In an interview with the outlet, Hughes said it was triggering to see people dress like the man who took her son, Tony Hughes, away.

Tony Hughes was a deaf man who was murdered by Dahmer.

Dahmer was eventually convicted of killing 17 men between the 1970s and 1990s. His other horrific deeds included sexual assault, the mutilation of his victims, and sex crimes involving minors.

Authorities would not find out what happened to Hughes until they found a skull in Dahmer’s apartment that matched the victim’s dental records.

Controversy over media depictions of Dahmer’s life resurfaced this year following the release of a Netflix series detailing the murders. One of the episodes of the series even focuses on Tony Hughes and his deadly encounter with Dahmer.

Shirley Hughes, left, whose son Anthony Hughes was killed by serial killer Jeffrey Dahmer, along with Catherine Lacy, center, mother of victim Oliver Lacy, and Dorothy Straughter, mother of victim Curtis Straughter, hold hands in the hallway outside the Milwaukee courtroom where the insanity trail of Dahmer went into its second day, Jan. 29, 1992. (AP Photo/Morry Gash)

Part of the controversy involves the races of Dahmer’s victims, who were mostly Black or other minorities. Critics of law enforcement have said that this racial imbalance contributed to Dahmer’s ability to carry out the murders for so long.

In an interview with the Guardian, Shirley Hughes said it was difficult to talk about her son’s murder and to see people make stories about the victims and their families.

“I don’t see how they can use our names and put stuff out like that out there,” she told the Guardian.

Eric Perry, whose cousin Errol Lindsey was murdered by Dahmer, said Lindsey’s family only found out about the series after it came out.

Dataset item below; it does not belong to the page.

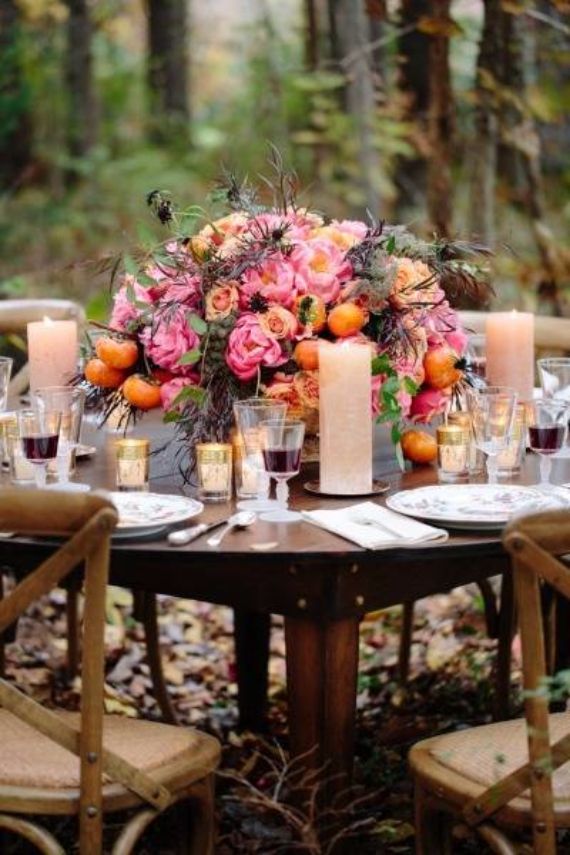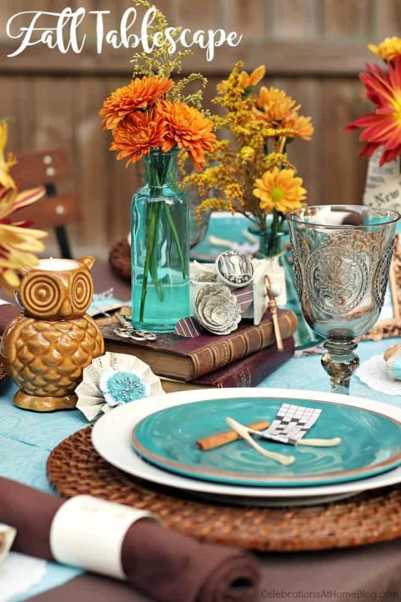 Jewel-tones are big fashion trends these days, it creates a warm and festive tablescape for the sweetest occasion. The combination of the deep purple hue and emerald or teal, fuchsia, hot pink, navy, violet, orange, burgundy colors next to the beautiful greens add drama and personality to any Thanksgiving Table Setting. Instantly you can choose one or two tones to set the mood of the perfect Thanksgiving centerpiece. Simply by draping the items in the center of your dining table, just like a table runner or centerpiece, and placing your napkins, chargers and plates, glasses and candle holders.

Because the information in Dahmer’s case is public record, Netflix was not required to consult with the victim’s families. But Hughes and other relatives of the victims have called out the company for profiting off their trauma.

“So when they say they’re doing this ‘with respect to the victims’ or ‘honoring the dignity of the families,’ no one contacts them,” Perry wrote on Twitter. “My cousins wake up every few months at this point with a bunch of calls and messages and they know there’s another Dahmer show. It’s cruel.”

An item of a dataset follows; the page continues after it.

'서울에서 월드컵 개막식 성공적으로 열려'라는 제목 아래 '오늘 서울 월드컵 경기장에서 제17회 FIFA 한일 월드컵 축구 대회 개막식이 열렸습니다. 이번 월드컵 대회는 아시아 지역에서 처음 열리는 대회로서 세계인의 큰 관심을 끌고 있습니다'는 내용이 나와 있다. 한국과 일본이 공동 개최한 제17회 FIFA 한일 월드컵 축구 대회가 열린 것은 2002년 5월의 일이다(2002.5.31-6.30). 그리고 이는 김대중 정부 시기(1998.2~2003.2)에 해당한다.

In a report from Insider, Lindsey’s sister Rita Isbell said she was never contacted about the show, even though the series recreated her emotional victim impact statement where she shouted at Dahmer for killing her brother.

“I feel like Netflix should’ve asked if we mind or how we felt about making it,” Isbell said in her essay published by Insider. “They didn’t ask me anything. They just did it.”